Apa yang Bisa Dilakukan Pemilik HAKI
Warning strategy, individu/badan pemilik HAKI harus intens memberi peringatan kepada konsumennya terhadap produk perusahaan tersebut yang dipalsukan; Withdrawal strategy, individu/badan pemilik HAKI harus mengawasi dan memilih secara ketat distributor yang memasarkan produknya di pasar yang dicurigai produk bajakan sangat banyak dijual; Prosecution strategy, individu/badan pemilik HAKI harus melibatkan tim penyidik yang dibentuk oleh perusahaan sendiri untuk melakukan penyelidikan secara aktif tempat-tempat yang dicurigai sebagai pembuat produk palsu dari perusahaan tersebut;
Hands off strategy, individu/badan pemilik HAKI biasanya membiarkan pembajakan produknya karena berbagai alasan. Misalnya, biaya untuk memerangi pembajakan melalui upaya hukum sangat tinggi dan hasilnya sering kali tidak maksimal, artinya perlu ada evaluasi bagi penegak hukum. Monitoring strategy, individu/badan pemilik HAKI harus memandang bahwa distributor adalah pemegang kunci penyebaran produk palsu dipasar. Karena itu, pendekatan dengan distributor untuk membangun loyalitas akan lebih efektif dalam menghentikan produk bajakan di pasar;
Modification strategy, individu/badan pemilik HAKI harus melakukan upaya menciptakan metode pelabelan dengan dibantu temuan-temuan teknologi terkini untuk membedakan produk asli dan produk palsu; Consultation, individu/badan pemilik HAKI harus melakukan peran aktif bekerjasama dengan lembaga pemerintah maupun dengan pemegang merek asli lainnya. Dengan lembaga pemerintah, dalam kaitannya memberikan masukan dan membangun lobi dengan politikus dan penegak hukum untuk memperkuat penegakan hukum dan pembuatan produk hukum yang berkaitan dengan HAKI;
Awareness, Action and Affirmation, individu/badan pemilik HAKI harus meningkatkan ‘awareness’, mengembangkan ‘action’ plan, dan melakukan ‘assertion’ atas hak perusahaan untuk memerangi pembajakan produk.

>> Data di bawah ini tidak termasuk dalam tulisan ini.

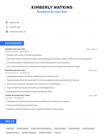 Build a professional nutritional services aide resume in minutes. Browse through our resume examples to identify the best way to word your resume. Then choose from 5+ resume templates to create your nutritional services aide resume.

Selain kedelapan strategi di atas, menurut penulis bahwa membangun kesadaran masyarakat adalah sesuatu yang sangat penting disosialisasikan. Aspek etika dan norma dalam memutus penyebaran produk imitasi merupakan langkah antisipasi yang sustainable. Bahwa ada pihak yang dirugikan baik materil maupun immateril jika masyarakat membeli produk imitasi. Artinya, jika membeli produk imitasi sama saja mendukung praktik bisnis ilegal serta tidak menghargai individu/badan pemilik HAKI. Menjaga kualitas produk oleh individu/badan pemilik HAKI merupakan bentuk akuntabilitas terhadap konsumen, sebaliknya konsumen dalam membeli produk juga memiliki perilaku akuntabilitas terhadap produsen. Antara produsen dan konsumen memiliki dimensi akuntabilitas sebagai etika dan moral dalam lingkungan pasar, baik di pasar konvensional maupun marketplace.